§ **Task instructions**
Repeat the data below exactly, dropping any pictures it holds.

(Information supplied)

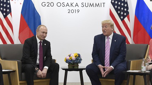 Tổng thống Mỹ Donald Trump và Tổng thống Nga Vladimir Putin tại cuộc họp song phương bên lề Hội nghị Thượng đỉnh G20 ở Osaka, Nhật Bản, ngày 28/06/2019.
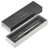 Push-button retractable ballpoint with stainless steel finish and chrome trim. Fitted with a standard Parker refill in medium blue.
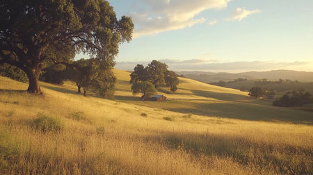 Artistic digital illustration in warm golden palette with soft diffused sunlight, evoking serene abundance and seasonal tranquility. Ideal for wine industry branding, agricultural marketing, fall promotions, and hospitality visuals. Versatile for advertising backgrounds, packaging designs, websites, and editorial content targeting beverage and travel sectors. . AI-generated digital illustration. AI-generated illustration.
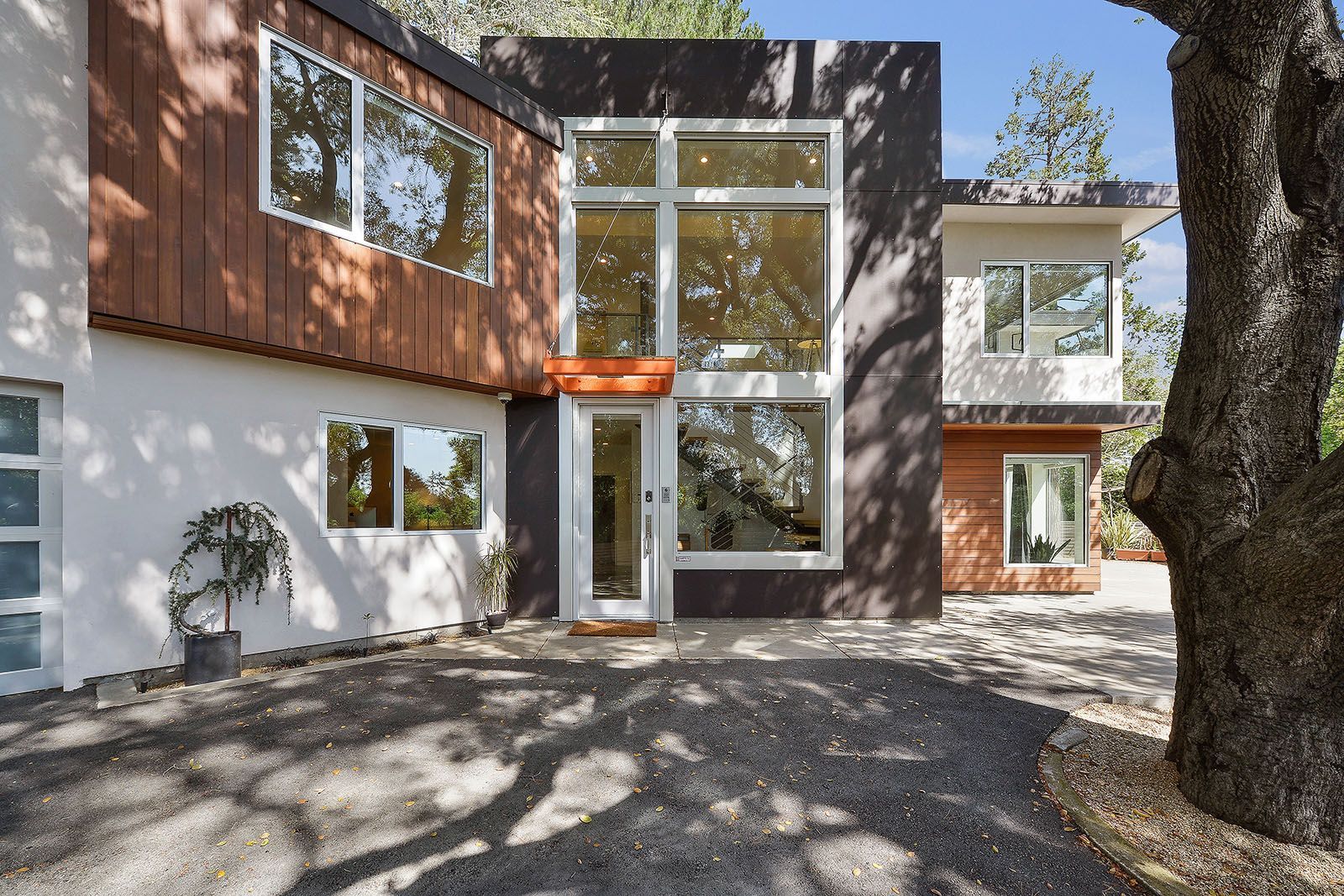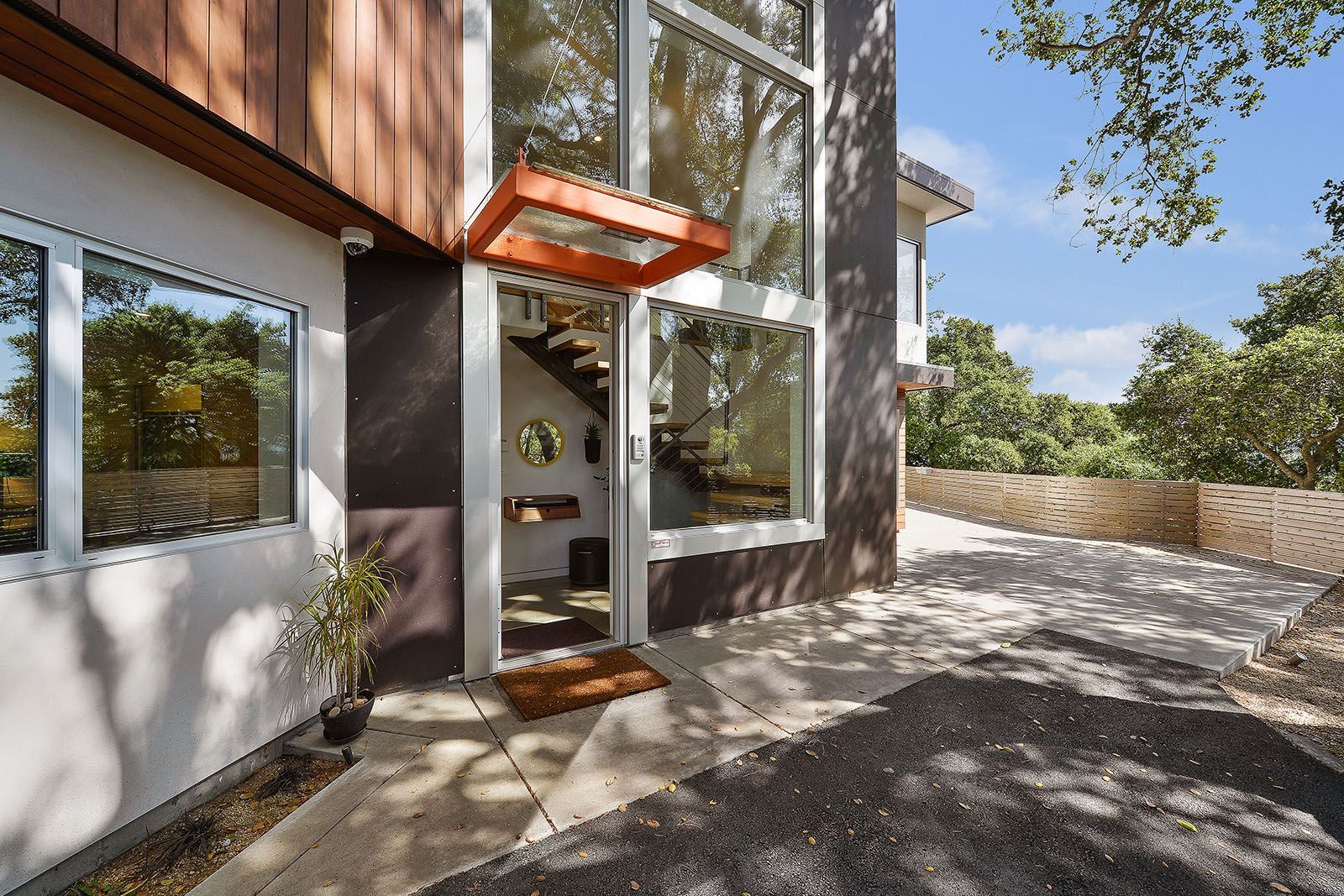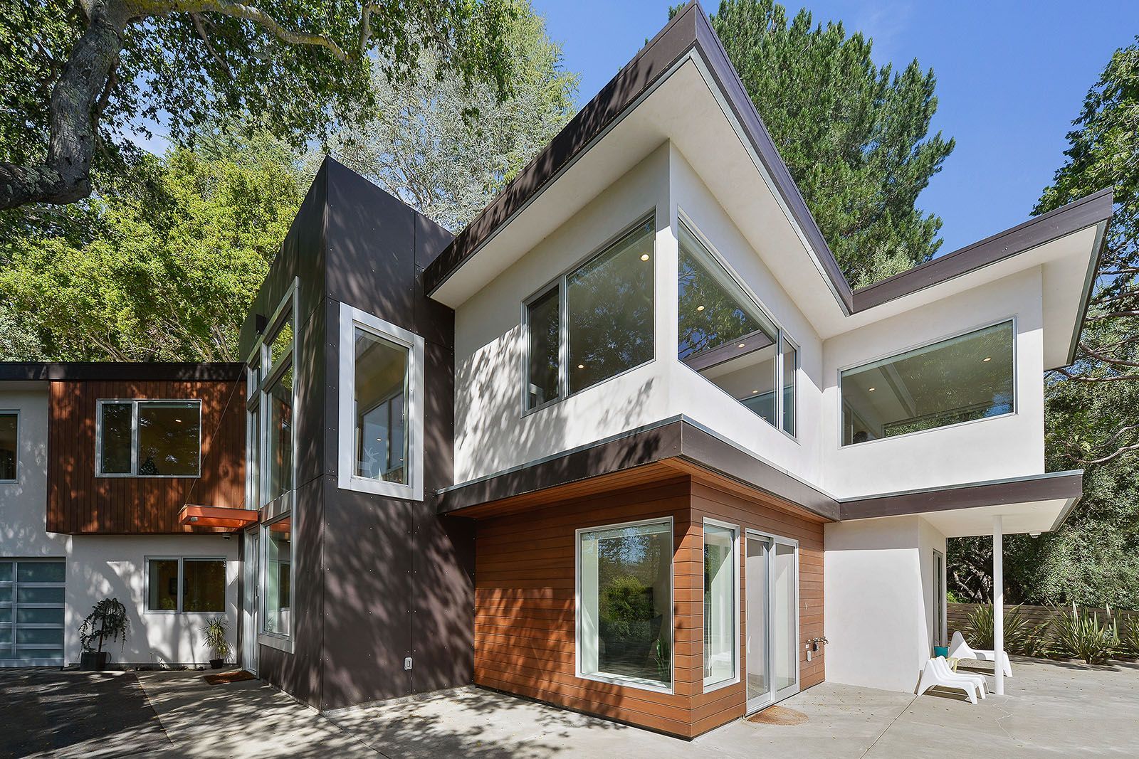 - Midcentury modern design with a striking linear facade.

(End Information supplied)

§ **Response below**
 Tổng thống Mỹ Donald Trump và Tổng thống Nga Vladimir Putin tại cuộc họp song phương bên lề Hội nghị Thượng đỉnh G20 ở Osaka, Nhật Bản, ngày 28/06/2019.
 Push-button retractable ballpoint with stainless steel finish and chrome trim. Fitted with a standard Parker refill in medium blue.
 Artistic digital illustration in warm golden palette with soft diffused sunlight, evoking serene abundance and seasonal tranquility. Ideal for wine industry branding, agricultural marketing, fall promotions, and hospitality visuals. Versatile for advertising backgrounds, packaging designs, websites, and editorial content targeting beverage and travel sectors. . AI-generated digital illustration. AI-generated illustration.
 - Midcentury modern design with a striking linear facade.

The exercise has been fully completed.